WHAT YOU SHOULD DO: Skipping the images, transcribe each record below as it is.

TASK INPUTS:

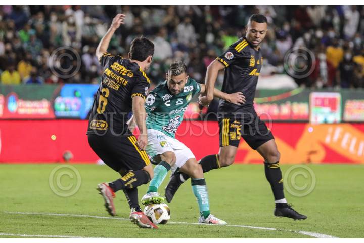 LEÓN, GUANAJUATO, 04DICIEMBRE2021.- Los esmeraldas del León enfrentaron a los Tigres de la UANL, y se clasificaron a la final del torneo Grita México Apertura 2021 por el criterio de mejor posición en la tabla. Marcador final y global: Léon 2 (3) - 1 (3) Tigres. FOTO: JORGE ORTEGA/CUARTOSCURO.COM
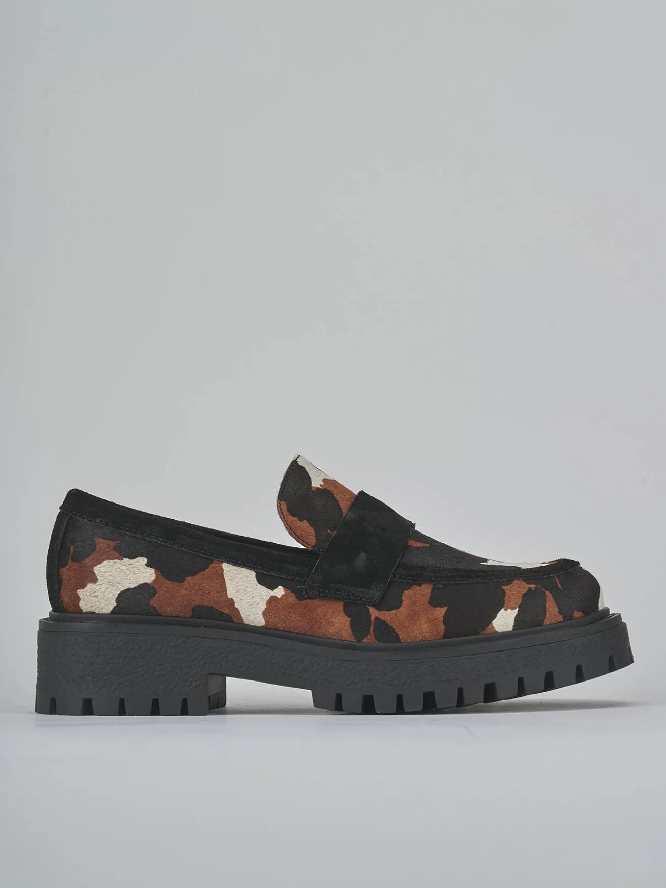 La tomaia è realizzata in morbida pelle, foderata in cavallino con una stampa muccata che aggiunge un tocco di originalità al tuo look quotidiano.
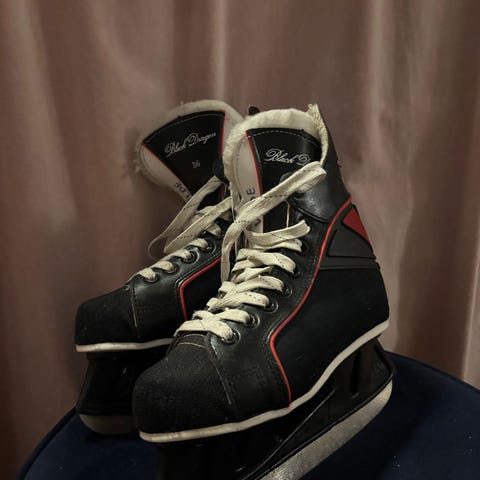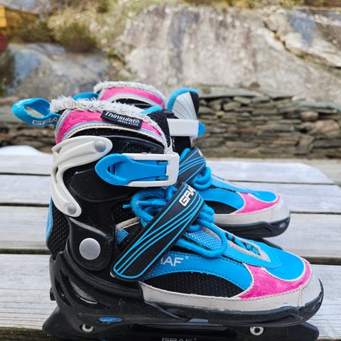 Regulerbare Ishockeyskøyter for barn i størrelse 32-35. Skøytene har blå og sølv farge, med justerbar størrelse. Egnet for ishockeybruk.
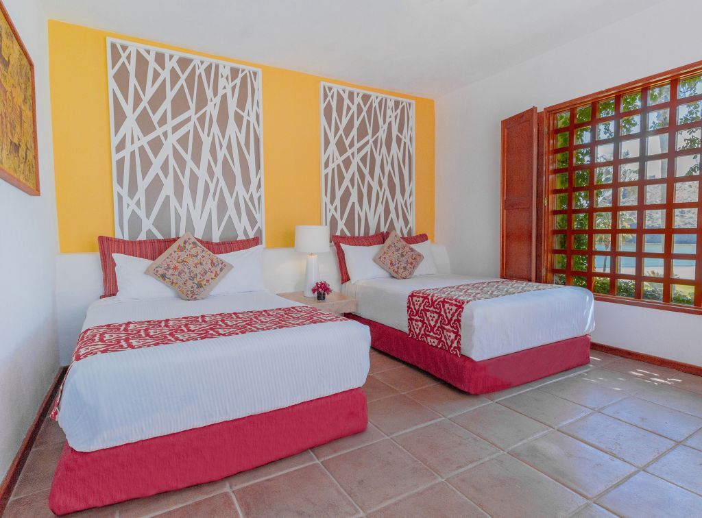 Con una cama king y una cama queen, esta suite de 73 m² es ideal para familias pequeñas que buscan amplitud y estilo sin perder la vista al mar.
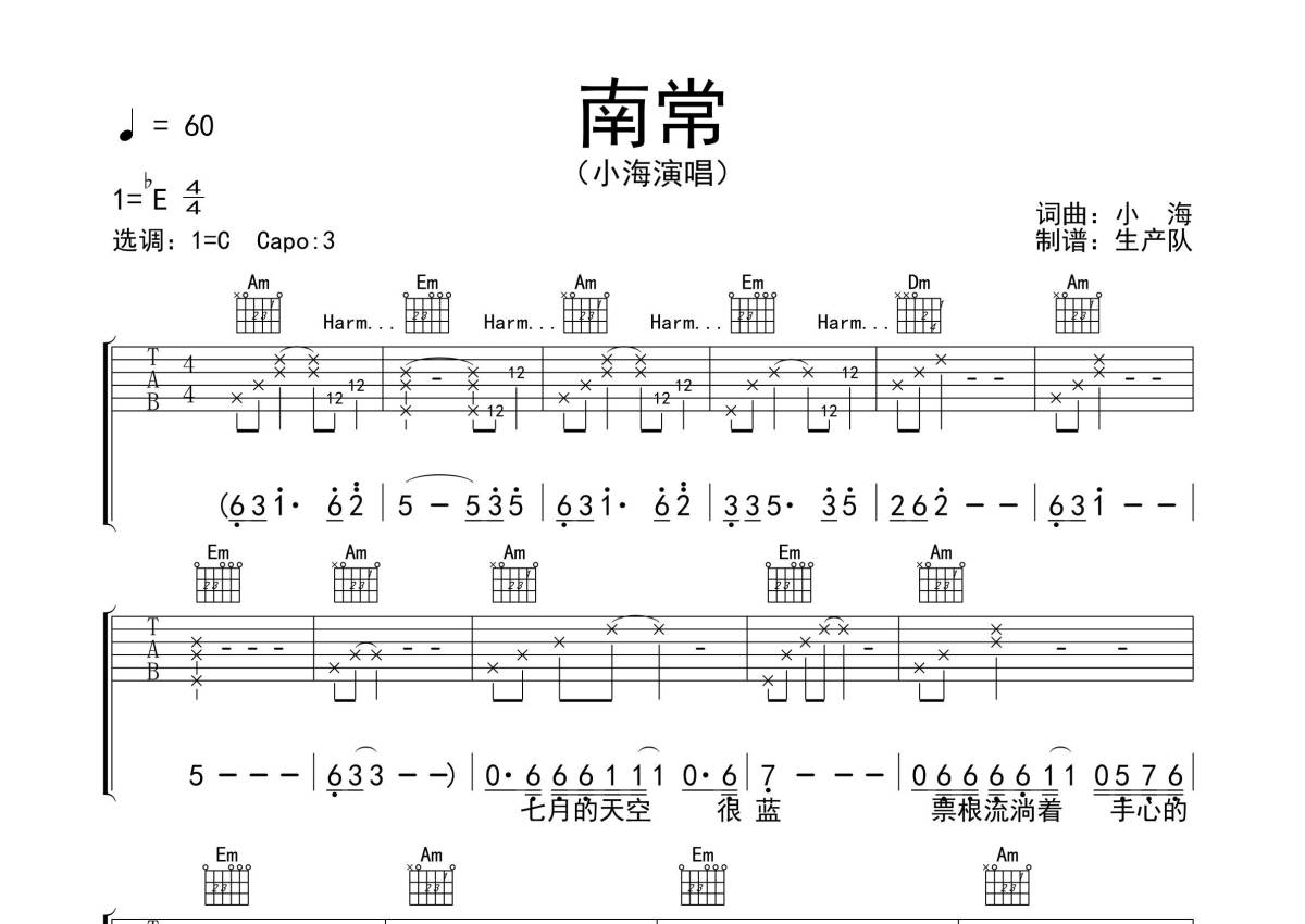 小海《南常》吉他谱 - C调弹唱六线谱
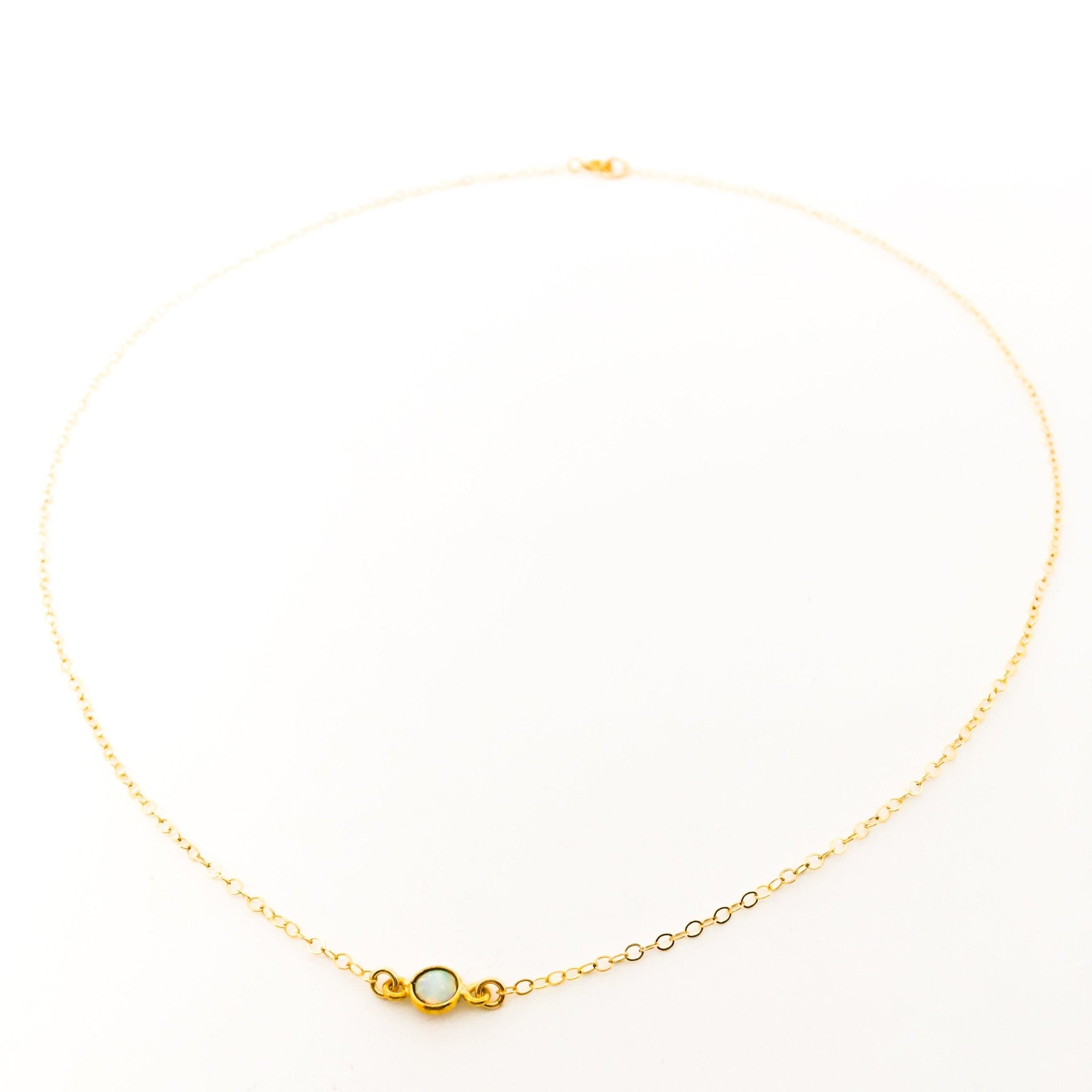 Our 16" 14k gold-filled necklace features a stunning lab opal pendant, adding a touch of elegance to any outfit. With its durable chain and eye-catching stone, the Aurora necklace is perfect for any occasion. Elevate your wardrobe with this timeless piece.
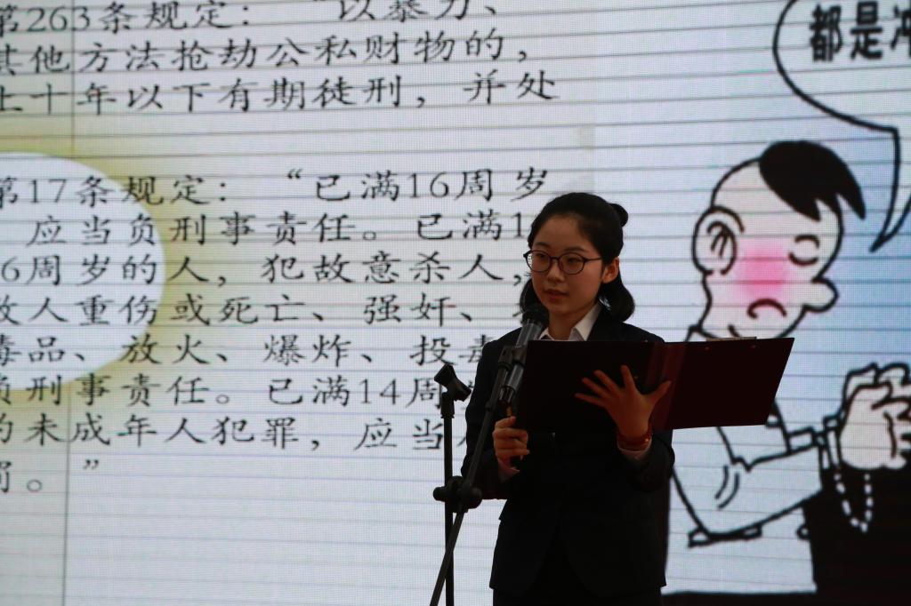接着,徐飞以“知法懂法,远离犯罪”为题向同学们介绍了未成年人犯罪问题。她将未成年人犯罪分成四种类型,并加上相应的案例分析,让晦涩难懂的法律知识一下子变得有趣易懂。徐飞向同学们介绍了《未成年人保护法》,她幽默风趣的语言风格和实用的讲说吸引了同学们的注意力。徐飞的讲说一来指出未成年人在法律上受到保护,教导同学们应当学会用法律的武器保护自己;二来强调该法的存在意义并不意味着未成年人可以“无法无天”,并用案例告诉同学们未成年人也要知法守法。在座的同学聆听地十分认真,结束之后掌声雷动。
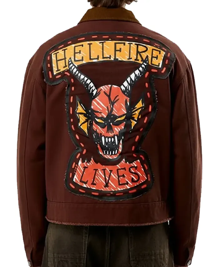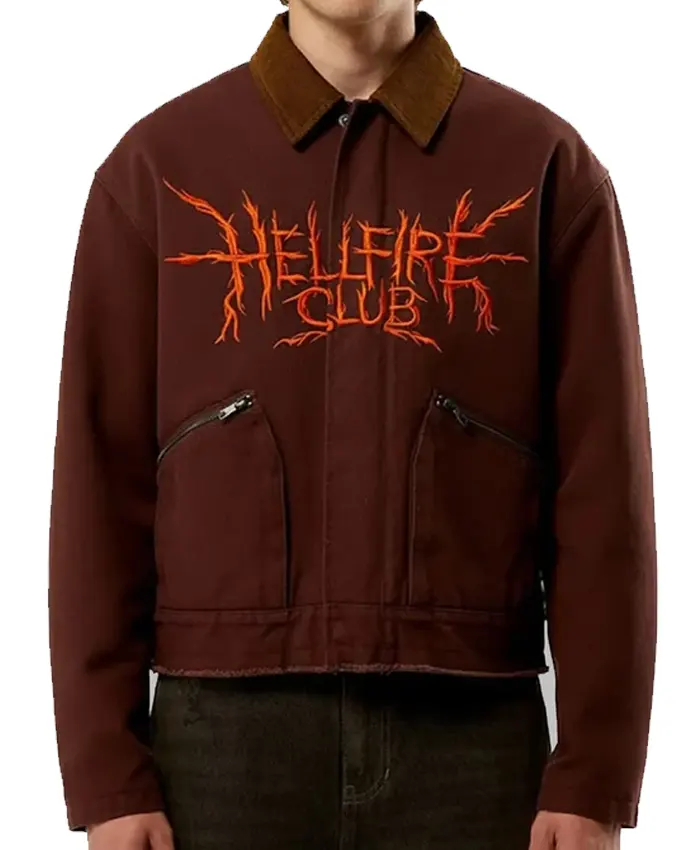 The show Stranger Things has captured the attention and focus of the youth for the past 10 years. This show has all the elements to do so, it features a young lead cast, suspense & thrilling story with supernatural characters. Moreover, the writers have crafted each character so thoughtfully that fans find them relatable. Beyond that, the show becomes even more interesting because of the Stranger Things Outfits. These articles are very detailed, they capture the 80s vibe and also describe their characters. Moving on, the recently hit apparel associated with this show is the Stranger Things Jamie Campbell Bower HellFire Lives Jacket. Jamie Campbell, who plays Henry Creel, later Vecna, the main villain wears this article. Likewise, the cool graphic design and detailing give a fun nod to the Hellfire Club.
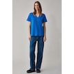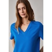 GRIMELANGE Alıne Kadın %100 Organik Pamuk Derin V Yakalı Comfort Fit Parlament Mavi T-shirt Parlament Mavi Saks Mavisi
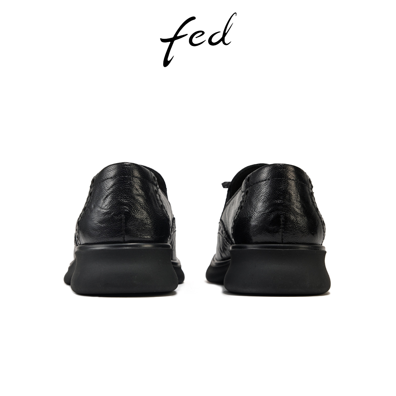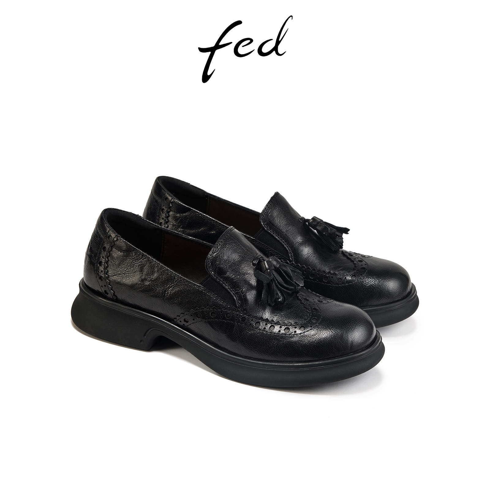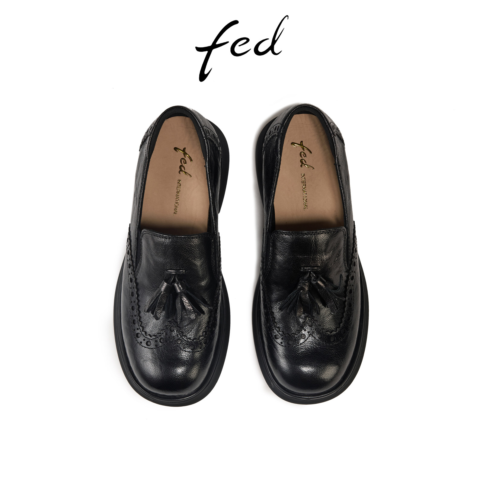 fed真皮单鞋秋季新款女鞋雕花乐福鞋粗跟布洛克鞋女款S0812-ZC516
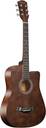 Belear I-280-WBR Couturier 38 Inch Brown Cutaway Acoustic Guitar is perfectly designed to allow you to concentrate on great playability, musical tone, with incredible build quality. The loud volume and rich tone of the I-280 offer incredible sound from its ever-popular cutaway body style. Premium single-cutaway guitar offers exceptional quality at very affordable prices. It comes with a solid spruce top, Linden back, and sides, and Rosewood fingerboard. Plus its comfortable string height which offers low action string decrease hand fatigue and comfortable on the finger, perfect for a beginner. The solid spruce top offers an ideal balance and between strength and flexibility, that' why spruce wood gain popularity as the wood of preference for tops of acoustic guitars. Spruce Sharpe's sonic quality make is ideal for kind of musical genres and performing styles. Linden wood back & sides feature softwood with tight grains and will manage to dampen sharp highs and soften them even maintaining level out the thin tinny sound associated with knife-edged tremolo contacts. Its large body offers full tone, and rich linden body material produces rich, warm lows and sweet sustain. It features a truss rod that keeps the neck straight by countering the pull of the strings and natural tendencies in the wood. The Guitar fretboard is manufactured with high-quality rosewood. This tonewood cuts the coarseness in the upper registers to give warm, mellow tones. In addition, Brown color and Brush finishing are not only improving its looks as well as make it more very durable and keep resists from scratching. Additionally, its Semi-Closed Machine head exquisite and glossy looks with ideal workmanship, good looking, and high technology, the peg is incredibly matched with guitar and also has a great decoration effect. Our pegs are smooth and easy to adjust to keep the guitar in tune. The I-280 also features comfortably rolled fingerboard edges, this instrument neck produces an amazingly comfortable fret-hand feel that's perfect for beginning players or seasoned pros alike
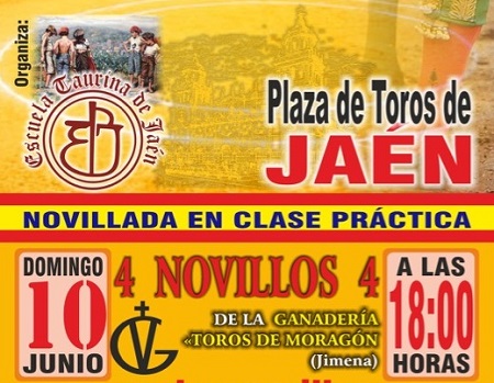La Escuela Taurina de Jaén ha organizado una novillada clase práctica el próximo 10 de Junio en la plaza de toros de Jaén. Dicha fecha coincide con la celebración de la Virgen de la Capilla en la capital jienense. Se van a lidiar reses de Toros Moragon para:
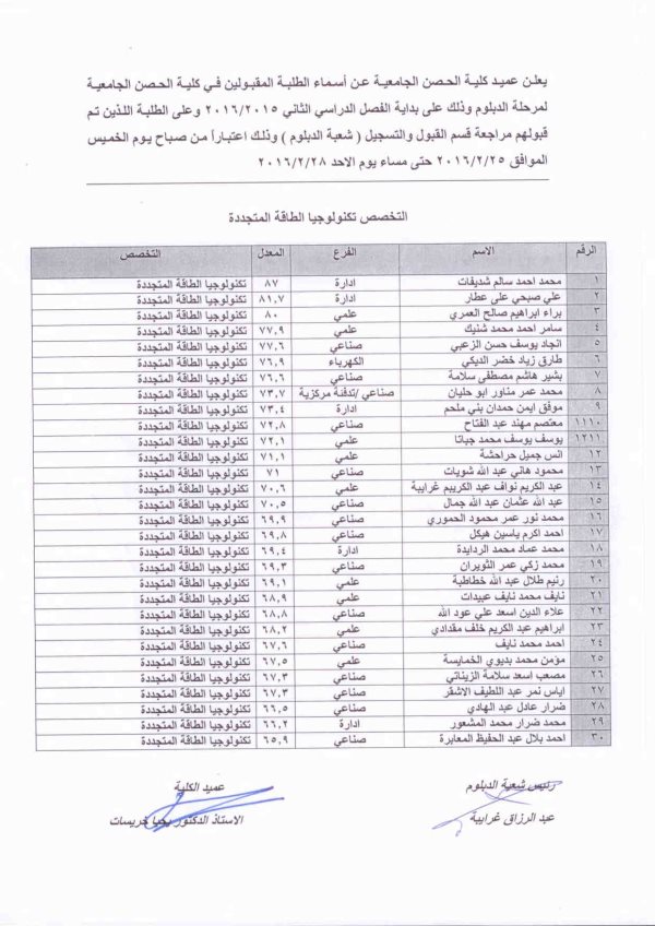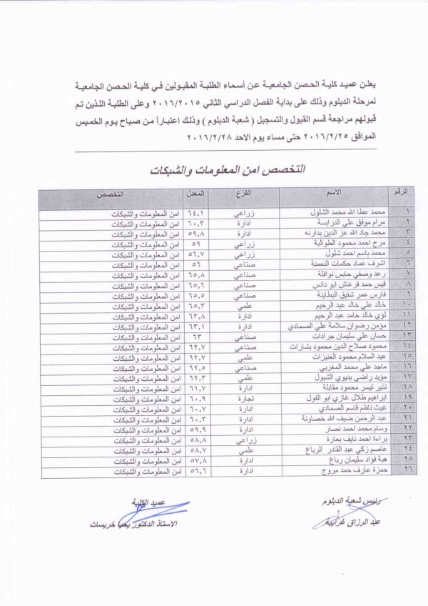 يعلن عميد كلية الحصن الجامعية عن اسماء الطلية القبولين في كلية الحن الجامعية لمرحلة الدبلوم و ذلك عن بداية الفصل الدراسي الثاني 2015/2016 و على الطلبة اللذين تم قبولهم مراجعة قسم القبول و التسجيل اعتبارا من صباح يوم الخميس الموافق 25/2/2016و حتى مساء يوم الاحد الموافق 28/2/2016

EXERCISE RESULT:
 LEÓN, GUANAJUATO, 04DICIEMBRE2021.- Los esmeraldas del León enfrentaron a los Tigres de la UANL, y se clasificaron a la final del torneo Grita México Apertura 2021 por el criterio de mejor posición en la tabla. Marcador final y global: Léon 2 (3) - 1 (3) Tigres. FOTO: JORGE ORTEGA/CUARTOSCURO.COM
 La tomaia è realizzata in morbida pelle, foderata in cavallino con una stampa muccata che aggiunge un tocco di originalità al tuo look quotidiano.
 Regulerbare Ishockeyskøyter for barn i størrelse 32-35. Skøytene har blå og sølv farge, med justerbar størrelse. Egnet for ishockeybruk.
 Con una cama king y una cama queen, esta suite de 73 m² es ideal para familias pequeñas que buscan amplitud y estilo sin perder la vista al mar.
 小海《南常》吉他谱 - C调弹唱六线谱
 Our 16" 14k gold-filled necklace features a stunning lab opal pendant, adding a touch of elegance to any outfit. With its durable chain and eye-catching stone, the Aurora necklace is perfect for any occasion. Elevate your wardrobe with this timeless piece.
接着,徐飞以“知法懂法,远离犯罪”为题向同学们介绍了未成年人犯罪问题。她将未成年人犯罪分成四种类型,并加上相应的案例分析,让晦涩难懂的法律知识一下子变得有趣易懂。徐飞向同学们介绍了《未成年人保护法》,她幽默风趣的语言风格和实用的讲说吸引了同学们的注意力。徐飞的讲说一来指出未成年人在法律上受到保护,教导同学们应当学会用法律的武器保护自己;二来强调该法的存在意义并不意味着未成年人可以“无法无天”,并用案例告诉同学们未成年人也要知法守法。在座的同学聆听地十分认真,结束之后掌声雷动。
 The show Stranger Things has captured the attention and focus of the youth for the past 10 years. This show has all the elements to do so, it features a young lead cast, suspense & thrilling story with supernatural characters. Moreover, the writers have crafted each character so thoughtfully that fans find them relatable. Beyond that, the show becomes even more interesting because of the Stranger Things Outfits. These articles are very detailed, they capture the 80s vibe and also describe their characters. Moving on, the recently hit apparel associated with this show is the Stranger Things Jamie Campbell Bower HellFire Lives Jacket. Jamie Campbell, who plays Henry Creel, later Vecna, the main villain wears this article. Likewise, the cool graphic design and detailing give a fun nod to the Hellfire Club.
 GRIMELANGE Alıne Kadın %100 Organik Pamuk Derin V Yakalı Comfort Fit Parlament Mavi T-shirt Parlament Mavi Saks Mavisi
 fed真皮单鞋秋季新款女鞋雕花乐福鞋粗跟布洛克鞋女款S0812-ZC516
 Belear I-280-WBR Couturier 38 Inch Brown Cutaway Acoustic Guitar is perfectly designed to allow you to concentrate on great playability, musical tone, with incredible build quality. The loud volume and rich tone of the I-280 offer incredible sound from its ever-popular cutaway body style. Premium single-cutaway guitar offers exceptional quality at very affordable prices. It comes with a solid spruce top, Linden back, and sides, and Rosewood fingerboard. Plus its comfortable string height which offers low action string decrease hand fatigue and comfortable on the finger, perfect for a beginner. The solid spruce top offers an ideal balance and between strength and flexibility, that' why spruce wood gain popularity as the wood of preference for tops of acoustic guitars. Spruce Sharpe's sonic quality make is ideal for kind of musical genres and performing styles. Linden wood back & sides feature softwood with tight grains and will manage to dampen sharp highs and soften them even maintaining level out the thin tinny sound associated with knife-edged tremolo contacts. Its large body offers full tone, and rich linden body material produces rich, warm lows and sweet sustain. It features a truss rod that keeps the neck straight by countering the pull of the strings and natural tendencies in the wood. The Guitar fretboard is manufactured with high-quality rosewood. This tonewood cuts the coarseness in the upper registers to give warm, mellow tones. In addition, Brown color and Brush finishing are not only improving its looks as well as make it more very durable and keep resists from scratching. Additionally, its Semi-Closed Machine head exquisite and glossy looks with ideal workmanship, good looking, and high technology, the peg is incredibly matched with guitar and also has a great decoration effect. Our pegs are smooth and easy to adjust to keep the guitar in tune. The I-280 also features comfortably rolled fingerboard edges, this instrument neck produces an amazingly comfortable fret-hand feel that's perfect for beginning players or seasoned pros alike
La Escuela Taurina de Jaén ha organizado una novillada clase práctica el próximo 10 de Junio en la plaza de toros de Jaén. Dicha fecha coincide con la celebración de la Virgen de la Capilla en la capital jienense. Se van a lidiar reses de Toros Moragon para:
 يعلن عميد كلية الحصن الجامعية عن اسماء الطلية القبولين في كلية الحن الجامعية لمرحلة الدبلوم و ذلك عن بداية الفصل الدراسي الثاني 2015/2016 و على الطلبة اللذين تم قبولهم مراجعة قسم القبول و التسجيل اعتبارا من صباح يوم الخميس الموافق 25/2/2016و حتى مساء يوم الاحد الموافق 28/2/2016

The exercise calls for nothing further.